Going Microwave-Free: The Best Ways to Reheat Food

Going Microwave-Free: The Best Ways to Reheat Food

Our microwave just stopped working one day. Goodbye to quick leftovers and microwave popcorn, I thought. Three years later, we still haven't replaced it.

Going microwave-free was daunting but it's one of those things that turned out a lot easier than you imagine (I know, first world problems). Not being able to afford a new one right away helped us realize how simple reheating food still was without a microwave.

We noticed other benefits too. We had extra counter space and food was more evenly heated without "hot spots". I learned new cooking skills, from basic steaming to making popcorn on the stovetop. Plus, pre-packaged microwavable products became off-limits and we were making noticeably better food choices as a result.

If you’re trying to help your clients go microwave-free, we've got the best tips on how to reheat food without one. If they can't envision their lives without a microwave, pass along these tips for how to survive if they ever have to replace a broken one!

Reheat Food Without Microwave

1. Reheat most food the same way it was cooked.

One rule of thumb is to warm up your food the same way it was initially made. For instance, soups and saucy dishes can stay in their initial pots. Baked goods, roasted chicken, veggies and casseroles also warm up well in the oven again. If you're worried about food drying out in the oven, try covering with foil or portioning out leftovers into meal-size tinfoil packets.

2. Simmer with a bit of liquid to prevent burning.

Reheating soups, stews and saucy dishes in a pot is super easy, but not so much for things like fried rice or stir-frys that are prone to sticking. Don't be afraid to add some liquid. I find olive oil, coconut oil, almond milk, chicken or vegetable broth, or even water work extremely well. Add a few tablespoons at a time, cook over low-medium heat and stir frequently.

3. Steam foods that tend to get sticky, like rice and pasta.

Steaming is a surprisingly efficient way to bring those cold, dry leftovers back to life. If you don't own a steamer or steaming basket, you can even elevate a heat-safe container in a covered pot of boiling water (i.e. Pyrex container, pie pan, foil pan, etc.). Just be sure to elevate it using the ring from a mason jar lid. This works well for vegetables, rice, quinoa and plain pasta.

Shrimp Fried Rice

4. Repurpose leftovers to create a new dish.

Use and warm up your leftover ingredients in new recipes. Leftover brown rice or quinoa can be used in fried rice, stir-fry or even added to soup. Leftover roast or chicken would be perfect in soup, sandwiches or stir-fried with veggies.

5. Get a toaster oven instead of a new microwave.

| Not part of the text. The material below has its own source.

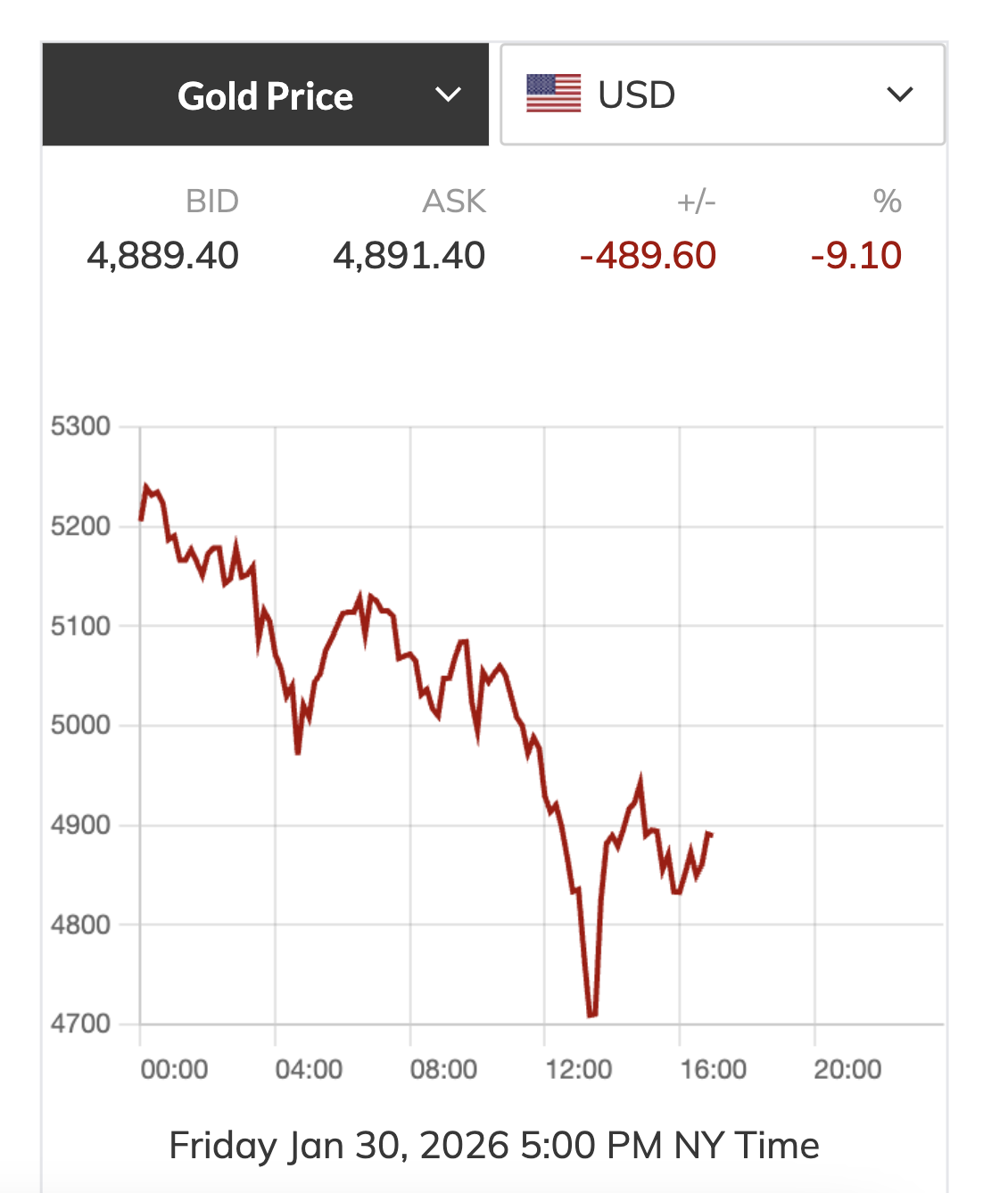 Đóng cửa cuối tuần, giá vàng hôm nay dừng ở mức 4.891 USD/ounce, mất tổng cộng gần 500 USD/ounce trong một phiên. Nếu tính từ mốc đỉnh trên 5.600 USD/ounce, giá vàng đã mất tới hơn 700 USD/ounce (tương đương mức giảm tới 22 triệu đồng/lượng).

If you're thinking of investing in a new appliance, it should be a toaster oven. Perfect for smaller dishes like leftovers and cooking in hot summer weather. You also save some time not having to preheat a larger oven. Most foods that retain their shape such as casseroles, lasagna and pizza, warm up beautifully in the toaster oven.

6. No toaster oven? Use your oven broiler for a quick blast.

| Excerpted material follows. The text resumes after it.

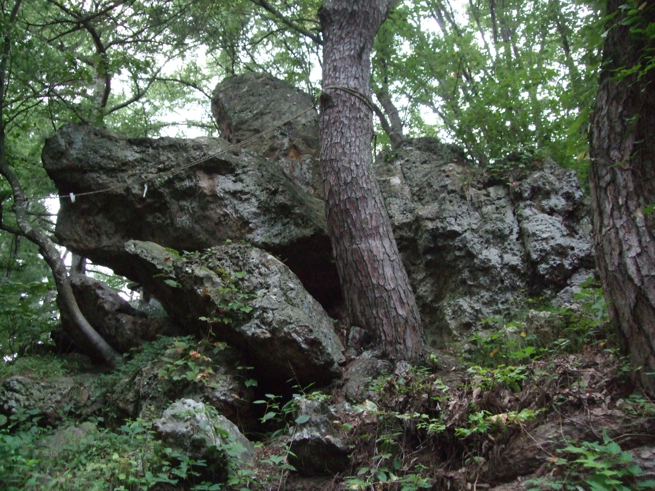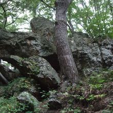 動き岩は、湯田中駅から徒歩10分。湯宮神社という神社の裏手の小山の上にあります。湯田中温泉の名所ということで訪ねました。お宮の裏に回ると、動き岩への入口があって、登ること数分。山の中腹から、突き出たような大岩が見えてきました。この岩は、「指一本でぐらぐら動かすことができる不思議な岩」といった紹介があって、本当に動かしたような話もあったのですが、とてもそのような風には見えません。しかし、土ばかりの一帯に、ここだけどこかから持ってきたような岩があること自体、不思議な場所ではあると思います。

Whether it's chicken fingers, slices of bread or assorted veggies, the broiler is a quick and efficient way to re-crisp some of your favourite foods. Just keep a close eye for burning!

7. Consider investing in a portable crock-pot.

This might be the perfect solution for all your work lunches. Evenly reheated home-cooked meal ready by lunchtime? We've yet to try it but our members have highly recommended something like this.

Reheat Food Without Microwave

8. Invest in oven-safe storage containers.

There's nothing easier than taking your container of leftovers straight out of the fridge and right into the oven. Try storing your leftover foods in separate containers if they require different methods of reheating. For instance, my container of quinoa would go directly into my steamer while my container of roasted chicken is placed in the toaster oven.